Individual battles have raged noisily. Carnegie Hall, the acoustically perfect concert auditorium built in 1891 by W. B. Tuthill with Adler and Sullivan as consultants, was saved by a citizens’ group in 1960, although its legal and financial status is still shaky. The Jefferson Market Courthouse, an High Victorian monument of 1873-77 in Greenwich Village by Frederick Withers and Calvert Vaux, drew a band of ardent neighbourhood protectors when the city’s plan for its sale was announced; their proposal for its use as a branch public library seems to be moving toward municipal approval and funds. (Significantly, as an index of general architectural ignorance, most of its defenders consider it a lovable old horror, and have no idea why they like it – they just do.
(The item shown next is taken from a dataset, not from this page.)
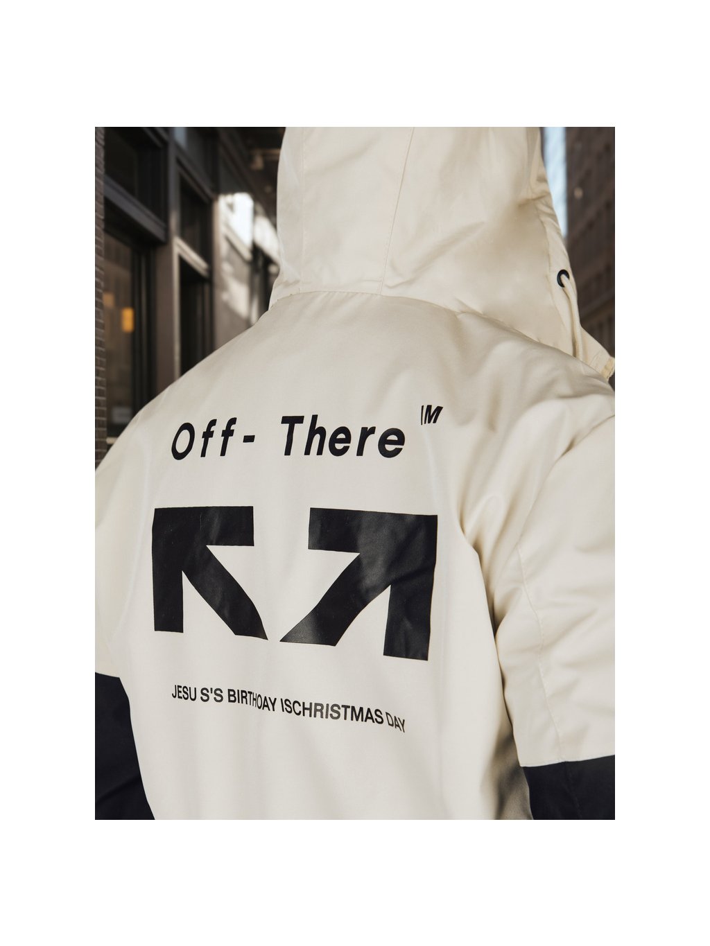 Smotanovo-čierna pánska prechodná bunda s kapucňou a potlačou

In 1885 it was voted one of the ten most beautiful buildings in the United States.) Grand Central Terminal, built by Warren and Wetmore, Reed and Stem from 1903-13, was rescued from the threat of bowling alleys last year. McKim, Mead and White’s Pennsylvania Railroad Station of 1910 is to be demolished for a flashy complex of sports arenas and commercial structures, but one feels that its champions are crushed by the sheer size and vulgarity of the gargantuan new scheme. Henry J. Hardenbergh’s substantial ‘French style’ Dakota apartments of 1882-84 were bought by their tenants for a co-operative residence.
‘Criteria for preservation must be enlarged beyond that standard sentimental bromide “George Washington slept here”’
The most disorderly and best-publicized battle of all was the near-riot conducted by the Committee to Save the West Village, led by the articulate and able architectural journalist, Jane Jacobs, author of the new, acutely perceptive, but highly controversial book, The Life and Death of Great American Cities. Mrs. Jacobs and her Committee fought the City Planning Commission to a standstill on the neighbourhood’s selection as a renewal area. Redevelopment plans and official ‘slum’ designation have both been withdrawn, after sensational proceedings that included the carrying of protesting residents kicking and screaming from City Hall hearings, and a series of sinister accusations and counter-accusations that still hang smoking in the air.
The New York press has been sympathetic, reporting the battles conspicuously, and in the case of the two major papers, the Times and the Herald-Tribune, often lending editorial support. But until the public and any city-appointed Commission realize that criteria for preservation must be enlarged beyond that standard sentimental bromide, ‘George Washington slept here,’ we will have confusion, obstruction, and little real progress. We are a nineteenth-century city, and our landmarks are largely business and commercial structures that trace the fascinating, dynamic diversity of a unique period of changing technology and taste. Unless we understand and appreciate the nature of this heritage, our best efforts are doomed to fail.